Italian linguist (born 1937)

Anna Giacalone Ramat, born Anna Giacalone in Forlì, Italy, 17 June 1937, is an Italian linguist known for her work on grammaticalization and language acquisition.

==Biography==
Anna Giacalone graduated from the University of Florence in 1959, subsequently studying Indo-European linguistics, Sanskrit and Germanic linguistics at the University of Würzburg and Saarland University, before taking up a position as teaching assistant (1962–1968) and then assistant professor (1968–1975) at the University of Cagliari. During the 1970s she held professorial positions at the University of Messina and the University of Milan; she spent most of her career as full professor at the University of Pavia, first in glottology (1976–1996) and then in general linguistics (1996–2010). She retired in 2010.

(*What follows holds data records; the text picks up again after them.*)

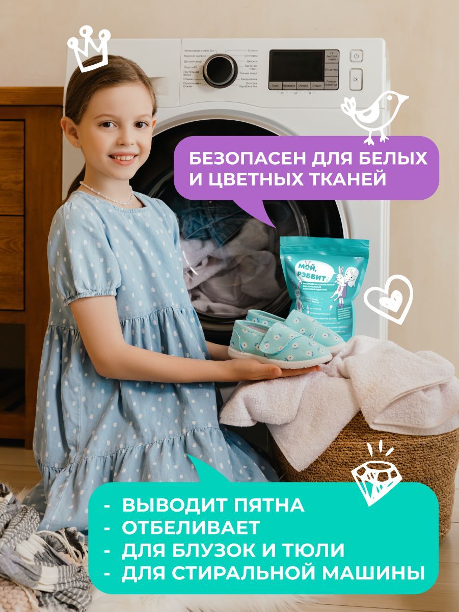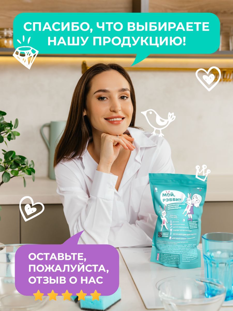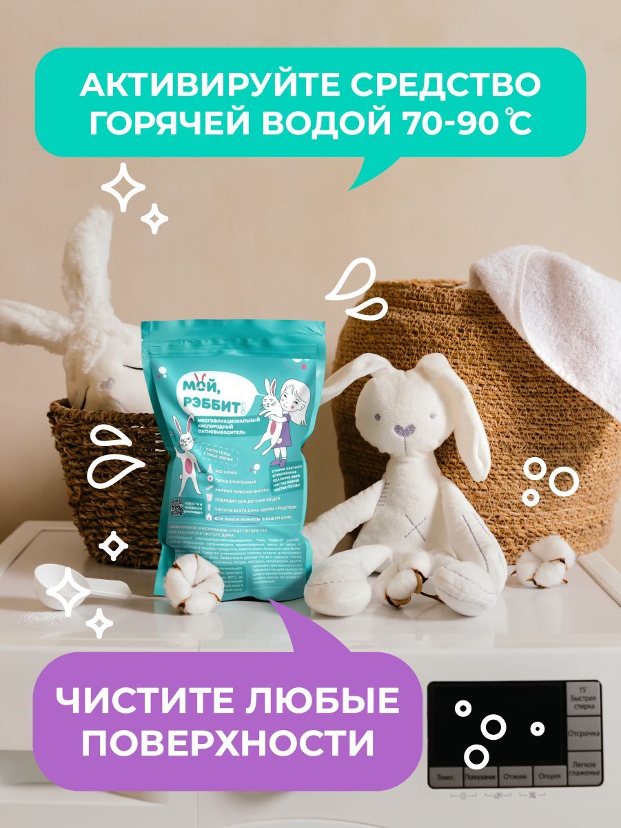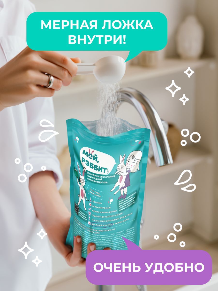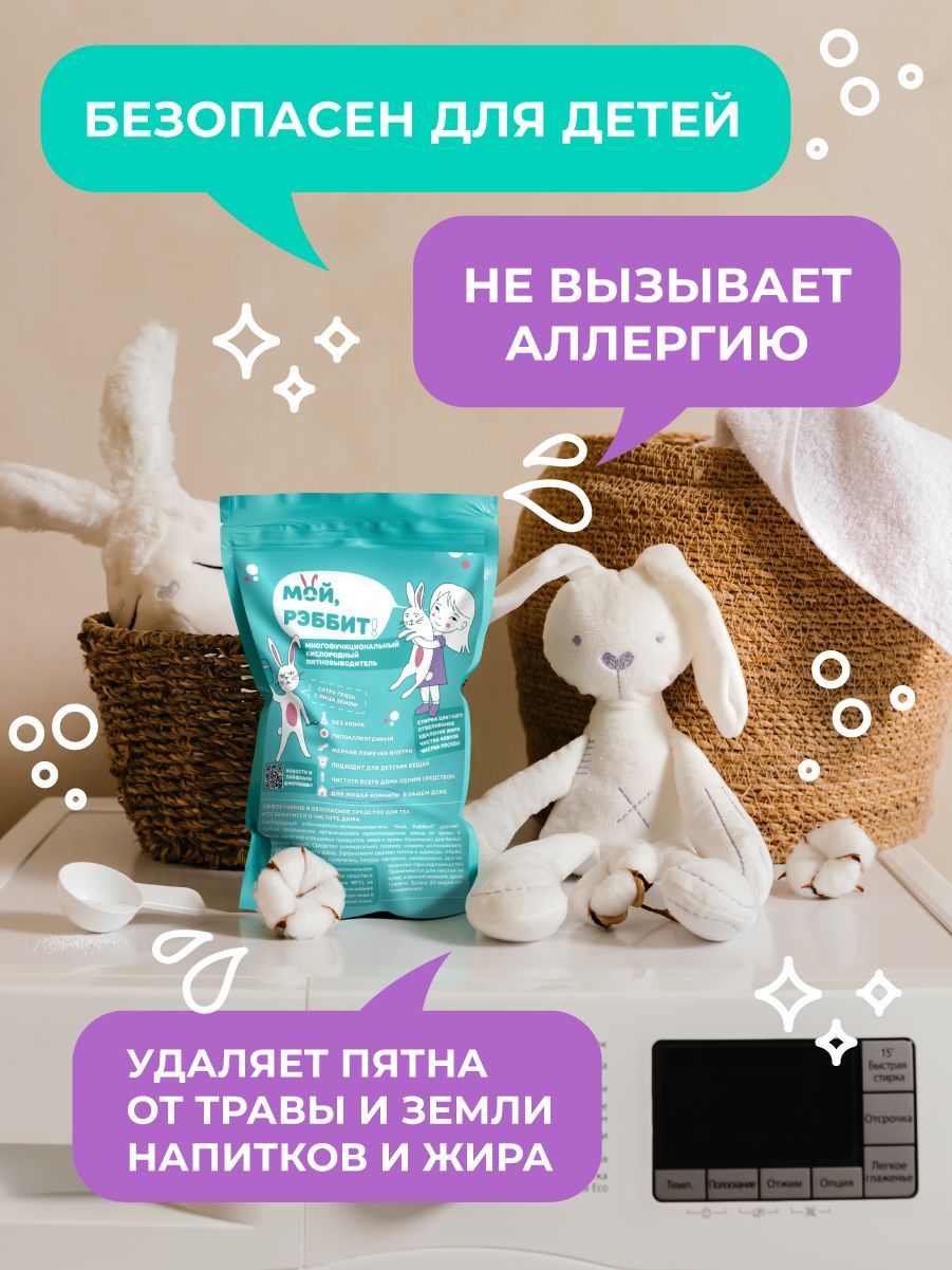🕊️ Помимо очищения, "Мой, Рэббит!" дезинфицирует и удаляет неприятные запахи. Средство абсолютно безопасно для всех - в его составе нет хлора. Гипоаллергенный ЭКО-порошок, можно применять для детских вещей.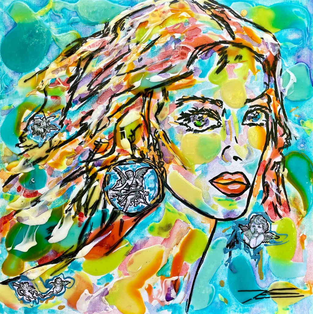 Cette oeuvre « Leeloo » a été inspirée par le film de Luc Besson « Le 5ème élément ». Elle représente Leeloo et son énergie, sa volonté, sa force, sa combativité et également sa vulnérabilité et sa fragilité. Une vraie combattante des temps actuels.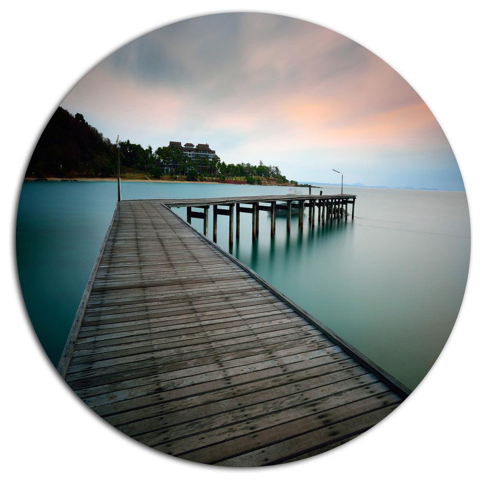Wooden Bridge Into Blue Sea, Modern Bridge Round Wall Art, 36"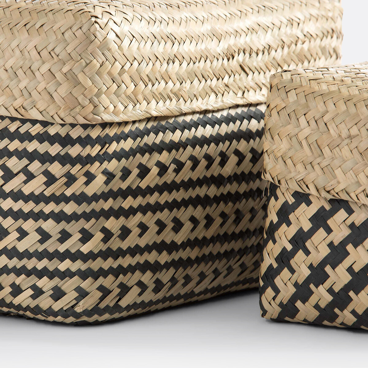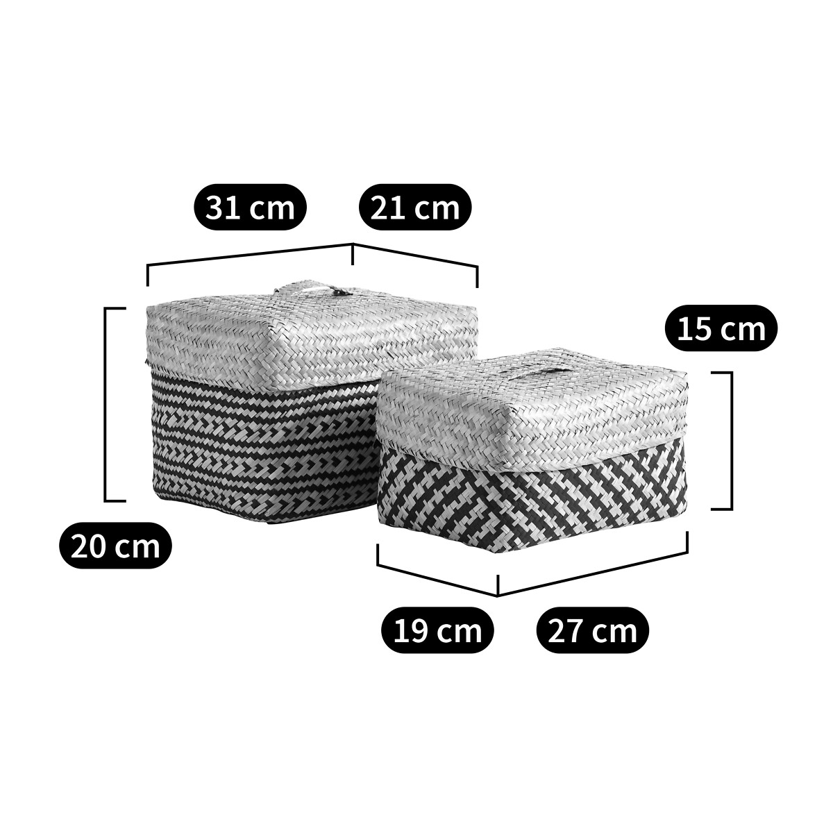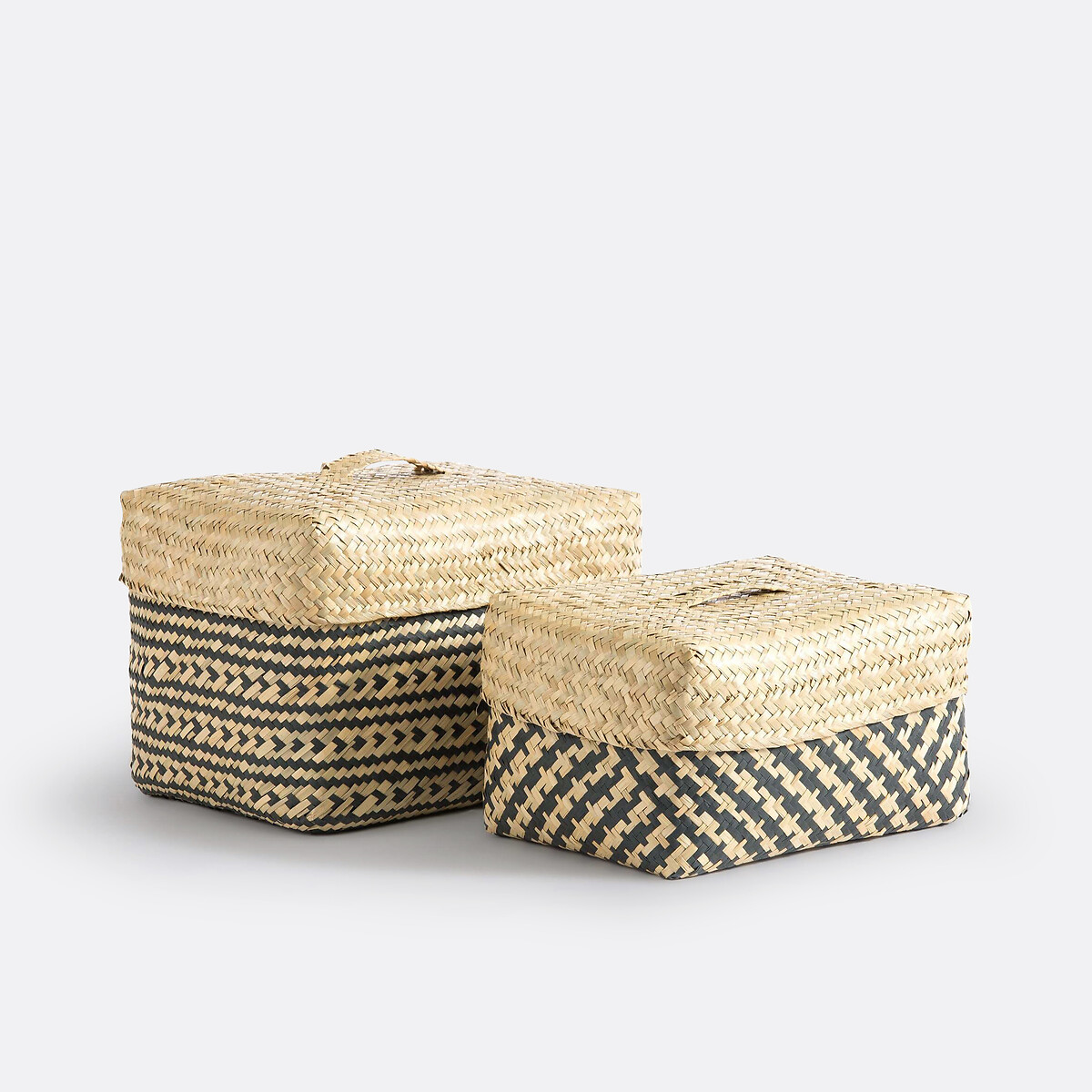 Запросить индивидуальное предложение2 корзины из гербария Kotak. Декоративный стиль, плетение из гербария и контрастная крышка, эти 2 корзины будут актуальны в шкафу или на полке.

Giacalone Ramat has been the recipient of numerous honours and awards. In 1987 she held a Fulbright visiting scholarship at UCLA. She has served as President of the International Society for Historical Linguistics (1983–1985), of the Società Italiana di Glottologia (1991–1992), and of the Societas Linguistica Europaea (1999–2000). In 2008 she was the recipient of a festschrift. In 2016 she was elected member of the Academia Europaea, and in the same year she and her husband Paolo Ramat were awarded honorary membership of the Societas Linguistica Europaea in recognition of their decades-long service to the community.

==Research==
Giacalone Ramat has published widely on historical linguistics, psycholinguistics, grammaticalization, sociolinguistics, and language acquisition, with expertise on the Romance, Greek, Latin and Germanic languages.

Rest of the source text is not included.